5. Add to America’s credit card debt, one jumbo bag at a time. Can’t scrape up three dollars and seventy nine cents from underneath your couch cushions? Didn’t write in impromptu Kroger visits to stock up on starbursts into your budget? Thats cool! Do what everyone else admitted to doing before 2008, and lies about doing now — put it on your credit card bill! It’s only $3.79 now, but in ten years it will be $24,1u3,509,130,498, and that one bag of jumbo starbursts will be the hair that broke the proverbial camel’s debt back. Good thing I started learning Chinese all those years ago. Or Spanish. I haven’t decided which country is actually going to take over America – the Chinese with their diligence, or the Mexicans with their delicious tacos and tendency towards domestic servitude (a la Brandon Sanderson’s AMAZING novel The Way Of Kings). I am personally rooting for the Mexicans but I can’t allow personal bias to sway my omniscient analysis of pure fact.

Which brings us to your next topic: Mexican takeover? NO PROBLEM. As long as they combined the US and Mexico territories into one, and then I’d live my life on the white sand beaches of Acapulco, and Amanda and I could create a joint-organic-cleaning business and service the houses of people who have growing concerns about all of the chemicals in the oxyclean and bleach that their normal servants rely on. Yessss. I am totally rooting for the Mexicans. TACOS EVERY DAY, FOR THE WIN!!!

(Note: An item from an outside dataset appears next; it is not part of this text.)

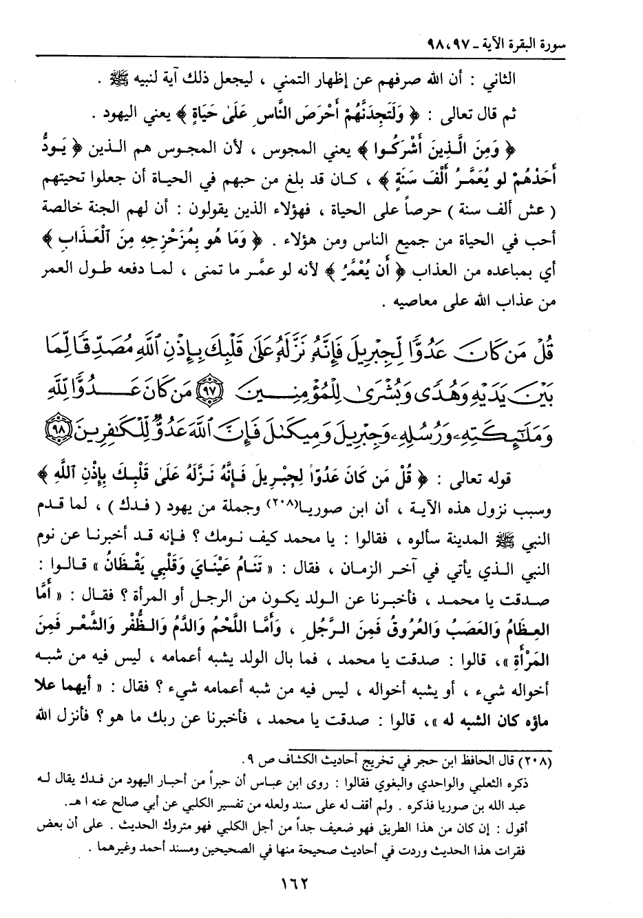{قل من كان عدوا لجبريل فإنه نزله على قلبك بإذن الله مصدقا لما بين يديه وهدى وبشرى للمؤمنين من كان عدوا لله وملائكته ورسله وجبريل وميكال فإن الله عدو للكافرين} قوله تعالى: {قُلْ مَن كَانَ عَدُوّا لِجِبْرِيلَ فَإِنَّهُ نَزَّلَهُ عَلَى قَلْبِكَ بِإِذْنِ اللهِ} وسبب نزول هذه الآية , أن ابن صوريا وجملة من يهود (فدك) , لما قدم النبي صلى الله عليه وسلم المدينة سألوه , فقالوا: يا محمد كيف نومك؟ فإنه قد أخبرنا عن نوم النبي الذي يأتي في آخر الزمان , فقال: (تَنَامُ عَيْنَايَ وَقَلْبِي يَقْظَانُ) قالوا: صدقت يا محمد , فأخبرنا عن الولد يكون من الرجل أو المرأة؟ فقال: (أَمَّا العِظَامُ وَالعَصَبُ وَالعُرُوقُ فَمِنَ الرَّجُلِ , وَأَمَّا اللَّحْمُ وَالدَّمُ وَالظُّفْر وَالشَّعْر فَمِنَ المَرْأَةِ) قالوا: صدقت يا محمد , فما بال الولد يشبه أعمامه , ليس فيه من شبه أخواله شيء , أو يشبه أخواله , ليس فيه من شبه أعمامه شيء؟ فقال: (أيهما علا ماؤه كان الشبه له) قالوا: صدقت يا محمد , فأخبرنا عن ربك ما هو؟ فأنزل الله

Couldn’t figure out what was wonderful and what wasn’t? here’s a breakdown:

Getting rid of halitosis = wonderful; not going to the dentist = bad; stool softener = good, depending on your intestinal situation; look youthful = good, depending on your partner’s inclination; add to america’s credit card debt =BAD! VERY BAD! LEARN SOME SELF CONTROL; Mexican Takeover = potentially good, as long as i get to live on those white sand beaches and eat tacos for a $1 a day; Chinese Takeover = bad, probably. I love me some egg rolls but the Korean deep down inside of me still resents them for trying to take over my people hundreds of years ago.